IBM and AI Singapore to advance Southeast Asian LLM Heaptalk

Heaptalk, Jakarta — The US-based behemoth company IBM signed a Memorandum of Understanding (MoU) with AI Singapore (AISG) to test the Southeast Asian Large Language Model (LLM), aiming to assist developers in building customized artificial intelligence (AI) applications.

In the detailed cooperation, IBM will test the Southeast Asian Languages in One Network (SEA-LION) using IBM’s Big Blue AI technology and data platform, Watsonx, and work with AI Singapore’s LLM. This scheme intends to help organizations choose suitable AI models for their business requirements.

“The progress of Gen AI will bring more significant performance in smaller language models, with users allowed to personalize models based on their business and industry requirements.
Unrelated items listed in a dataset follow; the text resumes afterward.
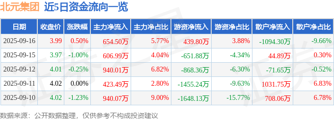证券之星消息,截至2025年9月16日收盘,北元集团(601568)报收于3.99元,上涨0.5%,换手率0.72%,成交量28.48万手,成交额1.13亿元。
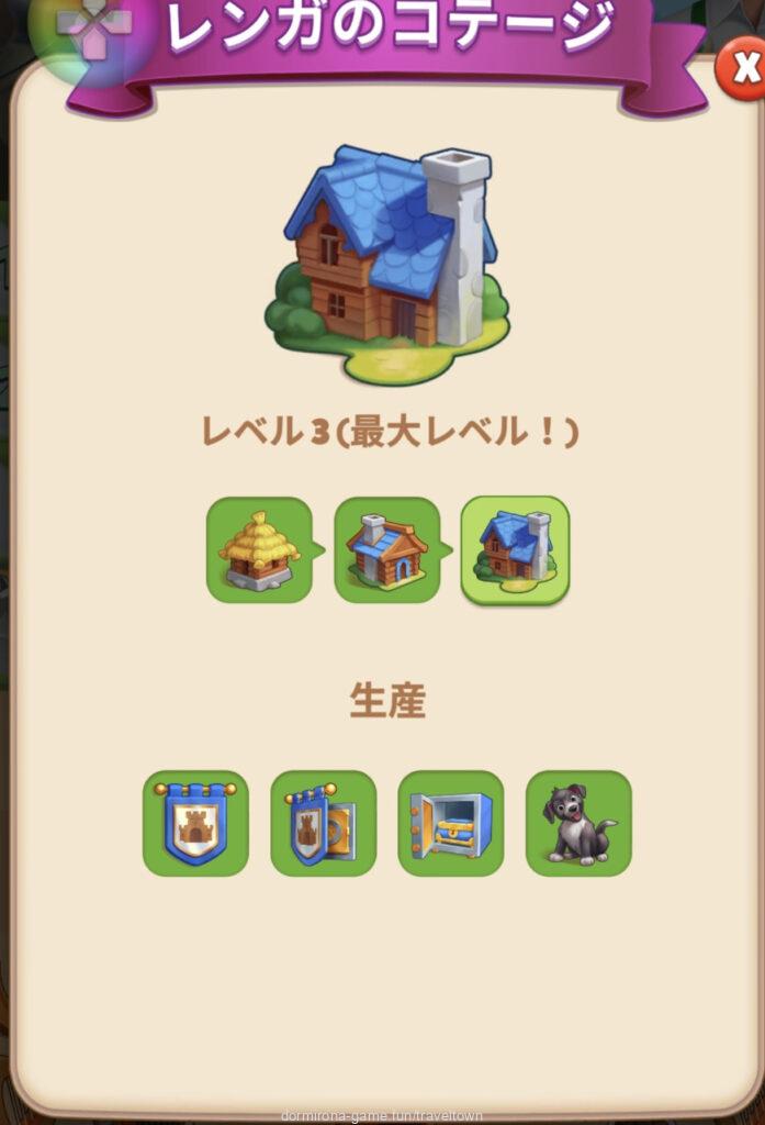 - レンガのコテージLv3になるとやんちゃな子犬が出るようになる⇒幸せなウルフハウンドのライン
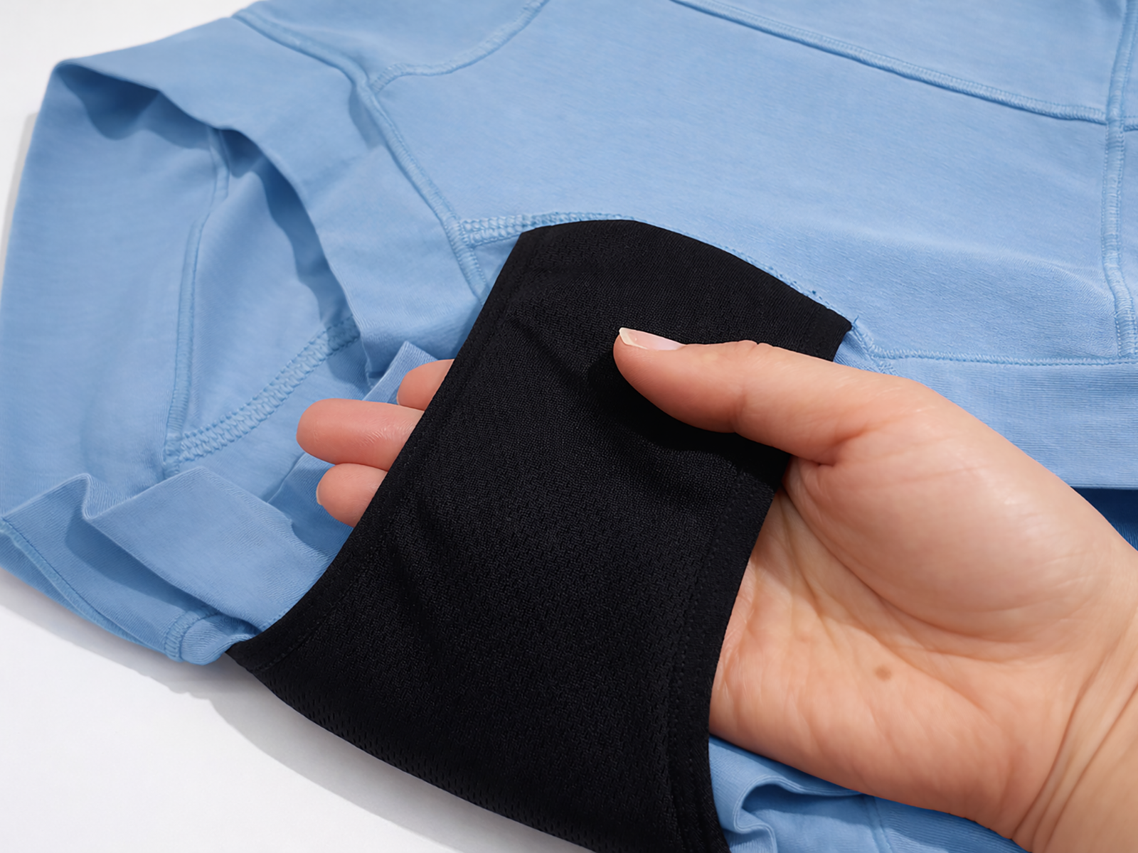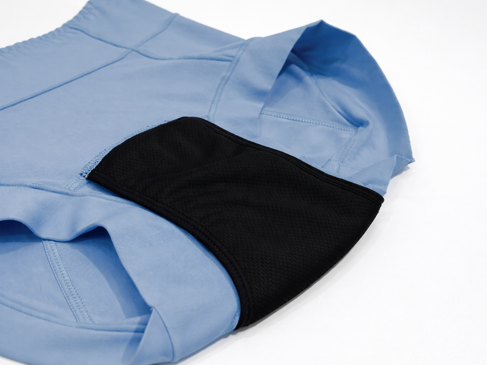 単に履き心地が良いだけでなく、少しでも快適に過ごせるよう機能面にもこだわりました。私自身も含め、ナプキンと吸水ショーツを重ねて使う方が多いため、ナプキンの羽が隠せる二重構造にしています。

No one model is a one-size-fits-all for businesses, and organizations must be empowered to use their models based on their needs,” General Manager and Technology Leader of IBM ASEAN Catherine Lian affirmed.

The open-source LLM of AISG, these entities will construct SEA-LION to be simple, flexible, and more quickly than other LLMs. As it is known, its current iteration runs on two base models, spanning a 3-billion-parameter model and a 7-billion-parameter model.

The LLM’s training data comprises around 981 billion language tokens, which AISG defines as fragments of words created from the breaking down text during the tokenization process. These fragments cover 623 billion English tokens, 128 billion Southeast Asia tokens, and 91 billion Chinese tokens.

As part of the collaboration, IBM also intends to incorporate the model into its AI use case library, Digital Self-Serve Co-Create Experience (DSCE), to allow data scientists, developers, and engineers to explore localized Gen AI to expedite their work.

“The SEA-LION LLM is a big step forward in creating an open AI system and addressing the ASEAN language challenges that companies and governments face when working with AI,” affirmed Lian.